While women with abstract reasoning skills and high need for cognition (NfC) could understand information sufficiently, women with more concrete skills and low NfC require further explanation from the midwife to reach an informed decision.

Conclusion

Midwives did not tailor their communication based on women's cognitive status. This has implications for midwifery education programmes to train midwives to communicate Down syndrome screening information effectively.

The booking appointment is the first antenatal appointment a woman has with her midwife. At this appointment, women are offered screening for numerous conditions, including Down syndrome.

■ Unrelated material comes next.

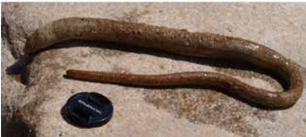
Plate 21. Pseudopus apodus.

It is vital that women understand screening information because of the implications of the decisions they make. However, research has documented that women are not making informed decisions and undergo screening not realising the implications and subsequent decision-making required (Hall et al, 2009; Bangsgaard and Tabor, 2013). The current research aimed to investigate what factors influence women's understanding of Down syndrome screening information.

Cognitive status plays a role in how we process information in the world around us. Consequently, it may influence women's understanding of screening information. Cognitive ability encompasses a set of mental processes, including attention, memory, intelligence, problem solving, and reasoning.

Piaget (1972) proposed a theory of cognitive development from childhood to adulthood and distinguished between concrete and abstract thought. As humans age, their cognitive development becomes increasingly abstract and logical. Concrete terms and items, which are observable, tend to be acquired at an earlier age than abstract terms, which are not observable (Della Rosa et al, 2010). Abstract thinking forms the basis of logic; it allows individuals to solve problems correctly by imagining alternative solutions and apply knowledge to novel situations (Stern and Prohaska, 1996; Campbell and Ritchie, 2002; Tennant, 2005). The speed of cognitive development can vary between individuals, and it has been suggested that some adults may never gain abstract reasoning and abstract thought might only manifest itself in particular activities in which their strengths lie (Piaget, 1972; Keating, 1979; Cole, 1990; Lehman and Nisbett, 1990; Goldwater and Gentner, 2015).

The capacity to solve novel problems in unfamiliar settings is essential for success in everyday situations (Matthew and Stemler, 2013). At a booking appointment, women are presented with new, and sometimes complex, information which requires reasoning skills to understand it. Abstract reasoning can be assessed by verbal and non-verbal reasoning since learning relies on the ability to process both linguistic and perceptual information (Della Rosa et al, 2010). Verbal reasoning is the ability to understand problems or ideas framed using words, whereas non-verbal reasoning is the ability to solve problems visually, such as identifying relationships or sequences between patterns. Individuals with non-verbal reasoning skills possess abstract reasoning ability (Coaley, 2009).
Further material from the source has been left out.